A Fresh Look
at the Founder:
Carnegie as
CEO
Carnegie, by Peter Krass, John
Wiley & Sons, Inc., 2002, $35.00
The new
biography Carnegie proves it is impossible ever to have the last word about
Andrew Carnegie.
Who
would have thought that the current generation needed another Carnegie
biography? Joseph Wall's monumental
Andrew Carnegie (1970) was reprinted by the University of Pittsburgh Press
in 1995 and seemed to lock up the subject for our time. Before that there was the official The
Life of Andrew Carnegie, and Carnegie's own autobiography, plus numerous
other books that paint him as a saint or a devil. The "Star-Spangled
Scot" was recently treated in two major TV biographies, and a third is
in the works.
But in Carnegie
Peter Krass deliberately avoids the building blocks of former writers, and
his Carnegie has the fresh narrative energy that goes with the discovery of
a new subject.
Krass
has family roots in western Pennsylvania, where his great grandfather
William Danziger worked in a Carnegie mill, dying before the age of sixty
from a hard life and alcohol. This
ancestry fuels the author's need to understand, and justify, Carnegie's
success in amassing a fantastic fortune built on the hardships of
millworkers, and then turning it to public use in uplifting the lives of
millions.
Krass
has a business background, and his vision of the entrepreneurial Andrew
Carnegie is of a modern, micromanaging CEO, complete with the sharp wit and
great self-confidence that made him a successful salesman. In the current
climate of scrutinizing big business practices, this version of Carnegie,
who was a master strategist in the age of unregulated big business and
Robber Barons, has special meaning.
The
polarities of Carnegie's financial life do not change: a relentless penny
pincher when it came to making money, he was an inspired philanthropist
when it came to giving it away. This
tension keeps his story fascinating, and raises questions about the meaning
of accumulating wealth and the ultimate value of money. Krass poses a psychological
transformation of Carnegie in retirement in later years, arguing that he
tried to right the wrongs he thinks he might have done during his years as
an industrial giant.
There
is no doubt that Carnegie did change, reversing his attitude on protective
tariffs and rebates, which he had once used to advantage to build his steel
empire.

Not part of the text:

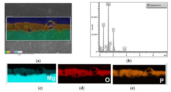 EDX analysis has been performed in order to evaluate the chemical composition of the coating prepared by 0.05 A/cm2 in the electrolyte containing 12 g/L of Na3PO4·12H2O. Results of analysis, EDX mapping and corresponding EDX spectra are shown in Table 12 and in Figure 12, respectively. Based on the mentioned values of chemical composition, it is obvious that coating consists of a mixture of elements released from electrolyte (P, O and Na) and elements originated from the substrate (Mg and Al) as well. This statement is supported by EDX mapping performed on a cross-section of PEO coating. It is also clear that elements with the highest amount (Mg, O and P) are uniformly distributed through the coating (Figure 12c–e).

In old age, called before a
congressional committee ten years after retirement to testify on tariff
laws, the wily steel master made congressmen into his comic foils. He presented himself as a jovial, retired
old man whose only goal in life was to do good. As far as steel was concerned, he said
that U.S. Steel could now make steel so cheaply the question of protective
tariffs was moot.
A
clever philanthropist, he did not believe in an afterlife, and tried to
make people's lives better now, rather than in the future. Thus, he put in place institutions and
charities that had an immediate public effect, and he gave to board members
flexibility of control. In this he
set the pattern that other philanthropists admired, and became the
prototype of the modern benefactor.
A
classic example is his founding of what became TIAA-CREF, the largest
retirement organization in the country, to help teachers survive old age
without becoming destitute. He also
funded the meritocracy of the poor --two-year trade schools, schools for
black students, and free public libraries--rather than the rich Ivy League
schools which besieged him for money and came away frustrated.
For a
fresh look at Carnegie, Peter Krass's biography is a good fit for our
time. The author's next book targets
another famous American figure: whisky baron Jack Daniel.